Omicron explosion, plus more CDC changes coming?

Flash Briefing - Thursday 1/6 at 3pm ET

Please join Roslyn Stone, MPH, CEO, Zero Hour Health and Michelle Harden, JD Managing Partner, Messner Reeves as they discuss the ongoing COVID rollercoaster on Thursday, January 6th at 3pm EST (12pm Pacific).

We'll cover Omicron surging orders of magnitude beyond even our worst days in August, why 5 day exclusions aren’t bringing anticipated relief, what the Supreme Court OSHA ETS process will look like, and the legal interpretations around the ETS rollout, supervised testing, and more!

Register here!

COVID Recap:

  • We had one million recorded positive cases yesterday (and the real number could be ten times that with at-home tests).  (Market Watch)
  • Hospitalizations are up 27% over the past week. (Washington Post)
  • The state and local reactions to the CDC’s new guidelines were mixed, causing headaches for those operating there. Michigan says they won’t implement the new CDC guidance without ‘additional information.’ (NY Times)
  • The US Surgeon General says he expects the CDC may add an antigen testing component to their recent 5-day guidance. (US News)
  • The IHU variant, recently discovered in France, has 46 mutations and has been found in a dozen people there. Scientists are keeping a close eye on it. (The Independent)
  • The CDC recommends that everyone avoids cruise ships, regardless of their vaccination status. (CDC)
  • About 10-15% of Omicron infections in the UK are re-infections. (CNN)
  • Omicron is much more infectious but less deadly than previous variants, possibly because it does comparatively less damage to the lungs. (NY Times)
  • The CDC reduced waiting time to 5 months for Pfizer booster doses. (CNBC)
  • An Israeli study showed that a 4th dose boosted antibodies by 5x. (Reuters)
  • A throat swab may be better at detecting Omicron than a nasal swab, discovered by a medical anthropologist who “biohacked” her own test after she was sick but tested negative. (Slate)
  • A new study shows that even mild COVID can have a significant impact on lung function afterward, which puts people at higher risk for other respiratory-related issues. (Journal of Infectious Disease)


Today’s Health News:

  • A contractor in Jacksonville is facing jail time for unpaid OSHA fines. (Jax.com)
  • Avian flu continues to affect poultry farms all over the world. (CIDRAP)
  • More people are getting a double infection of Flu and COVID at the same time, sometimes dubbed ‘flurona’. Our own clinical team has seen a number of these in the past month. (CNN)


Best Questions:

Does someone with confirmed COVID need to test negative in order to return to work?

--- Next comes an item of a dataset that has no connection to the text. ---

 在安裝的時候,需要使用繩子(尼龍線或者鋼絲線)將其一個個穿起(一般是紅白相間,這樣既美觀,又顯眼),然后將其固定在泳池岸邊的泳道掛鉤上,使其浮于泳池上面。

COVID+ people may test positive for weeks or even months after they’re no longer infectious, so in the past, the CDC has not required or even recommended that people should test negative before resuming their day to day activities after a COVID infection. That said, the US Surgeon General teased in the news this week that there may be updates to the latest CDC guidance shortening 10 days to 5, saying that there may be a role for antigen (or rapid) testing in returning sooner than 10 days. We’re watching this closely and will update you as soon as we hear from the CDC about any of this.

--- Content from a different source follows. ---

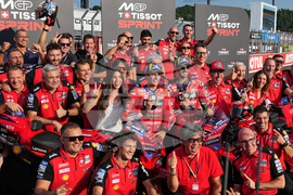 Ducati Lenovo Team members including first placed Italian rider Francesco Bagnaia, center right, and second placed Spanish rider Marc Marquez, center left, holding their medals, pose for a photo after the MotoGP Sprint race at the Twin Ring Motegi circuit in Motegi, north of Tokyo, Saturday, Sept. 27, 2025, ahead of Sunday's Grand Prix of Japan. (AP Photo/Hiro Komae)

What happens in the new CDC world with someone who has had confirmed COVID in the last 90 days?

If they are exposed to someone COVID+ and they are symptom free, they can still return to work, though we recommend requiring them to wear a mask for 10 days, the same as those who are protected via immunization will need to after an exposure. According to the OSHA guidelines, someone unvaccinated doesn’t need to do weekly testing for 90 days after their initial symptom start date (or positive test date if they didn’t have symptoms). If someone who has recently had COVID has symptoms, they should be excluded from work based on those symptoms regardless of any recent infection. We’re seeing a much higher rate of reinfection with Omicron, so any symptoms should be treated as though they may be a new case of COVID.


If someone is not fully protected and gets exposed, can they return to work sooner if they get a booster today?

Not if they got the booster after their exposure. If they were already exposed, they might already be dealing with an infection, even if their symptoms haven’t shown up yet. Better to quarantine for the appropriate amount of time and then get the booster as soon as it’s safe to do so, without risking the exposure of the people at the vaccination site.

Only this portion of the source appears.